How Jurassic World: Fallen Kingdom Drives Home the Franchise Themes

Aside from Blue, who has been developing as her own character over the course of two films now, Fallen Kingdom also presents dinosaurs to the audience with more than just a shot of them aimlessly roaming. They interact, such as the Sinoceratops that unintentionally wakes Owen up from his unconscious state, or more memorably, the unfortunate brachiosaurus that tries to escape at the edge of the pier, only to be slowly consumed by volcanic ash and lava. It's a powerfully emotional scene that reminds audiences that if we're to discuss human action and the complex and fragile balance of nature, we have to remember that it isn't something we can solve with logic alone.

There are variables in that equation that aren't wholly rational, of course. Malcolm mentions this in the hearing when he briefly states that allowing the dinosaurs to die is sad, but necessary, implying that in order to restore the equilibrium, we are sometimes required to disregard emotion and the notion that all life is equal.


The end of the film takes it a step further by showing us the mess that can occur when humans tamper with the natural order too much. Because humankind isn't just reckless when greed is involved. Recklessness and greed created the dinosaurs and brought them off of Isla Sorna, but it was human emotion and empathy that ultimately unleashed them on to the world. Owen and Claire debated saving the dinosaurs before Maisie (Isabella Sermon) impulsively releases them, justifying her actions by stating that in the end, it doesn't matter if they were man-made -- they're alive, just like her. This emphasis on the fact that humans often act without thought, which may seem justifiable at the time, but can result in dire consequences, is what Malcolm has been arguing from the beginning.
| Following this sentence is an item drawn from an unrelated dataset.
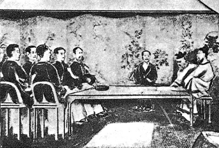 ÀÌ·¯ÇÑ µô·¹¸¶ ¼Ó¿¡¼ ¿ÀÄíº¸ Á¤±ÇÀÌ °í¾ÈÇÑ ÇØ¹ýÀº ¾î¶² Àǹ̿¡¼± ±â»óõ¿ÜÇÑ °ÍÀ̾ú´Ù. ±×°ÍÀº ¸¶Ä¡ ¹Ì±¹ÀÇ Æä¸®(Matthew C. Perry) Á¦µ¶ÀÌ 1853³â Èæ¼±(ýÙàÏ)À» À̲ø°í ¿ì¶ó°¡¿¡ ³ªÅ¸³ª ÀϺ»ÀÇ ¡®°³±¹(ËÒÏÐ)¡¯À» À̲ö °Íó·³, À̹ø¿¡´Â ÀϺ»ÀÎ ÀڽŵéÀÌ Æä¸®ÀÇ ¿ªÇÒÀ» ¸Ã¾Æ ¡®¹Ì°³ÇÑ¡¯ Á¶¼±ÀÎÀ» ¡®°³È(ËÒûù)¡¯½ÃŰ´Â Àå¸éÀ» ¿¬ÃâÇÏ´Â °ÍÀ̾ú´Ù. ÀÌ ÀÏÁ¾ÀÇ ¡®¿Ü±³±Ø(èâÎßм)¡¯Àº ±¹³»ÀûÀ¸·Î´Â ¸ÞÀÌÁö Á¤ºÎ°¡ äÅÃÇÑ ¼±¸È Á¤Ã¥(Westernization)ÀÇ ºû³ª´Â ¼ºÃë·Î ¼±ÀüµÇ¾î ¹ÝÁ¤ºÎ ¿©·ÐÀ» È£Àü½ÃŰ´Â ÇÑÆí, ±¹Á¦ÀûÀ¸·Î´Â ¾Æ½Ã¾ÆÀÇ ¹®¸í±¹À¸·Î¼ ±¹Á¦Àû À§½Å Á¦°í¿¡ º¸ÅÆÀÌ µÉ °ÍÀ¸·Î ±â´ëµÇ¾ú´Ù.

The film explores all sides of the argument and makes each point clear in almost every way possible. Audiences can understand the franchises' themes with even greater clarity by relating to the characters and animals in the film. In that way, Jurassic World: Fallen Kingdom has developed the discussion that began in Jurassic Park, and the franchise is now poised to delve even further into it in the currently titled Jurassic Park 3, in which humankind must no doubt deal with the consequences of greed-fueled scientific progress. Until the conclusion of this trilogy is released, Fallen Kingdom has given us a lot to think about.

Directed by J.A. Bayona and written by Colin Trevorrow and Derek Connolly, Jurassic World: Fallen Kingdom stars Chris Pratt, Bryce Dallas Howard and B.D. Wong, along with Toby Jones, Rafe Spall, Justice Smith, Daniella Pineda, Ted Levine, Geraldine Chaplin, James Cromwell and Jeff Goldblum. In theaters June 22.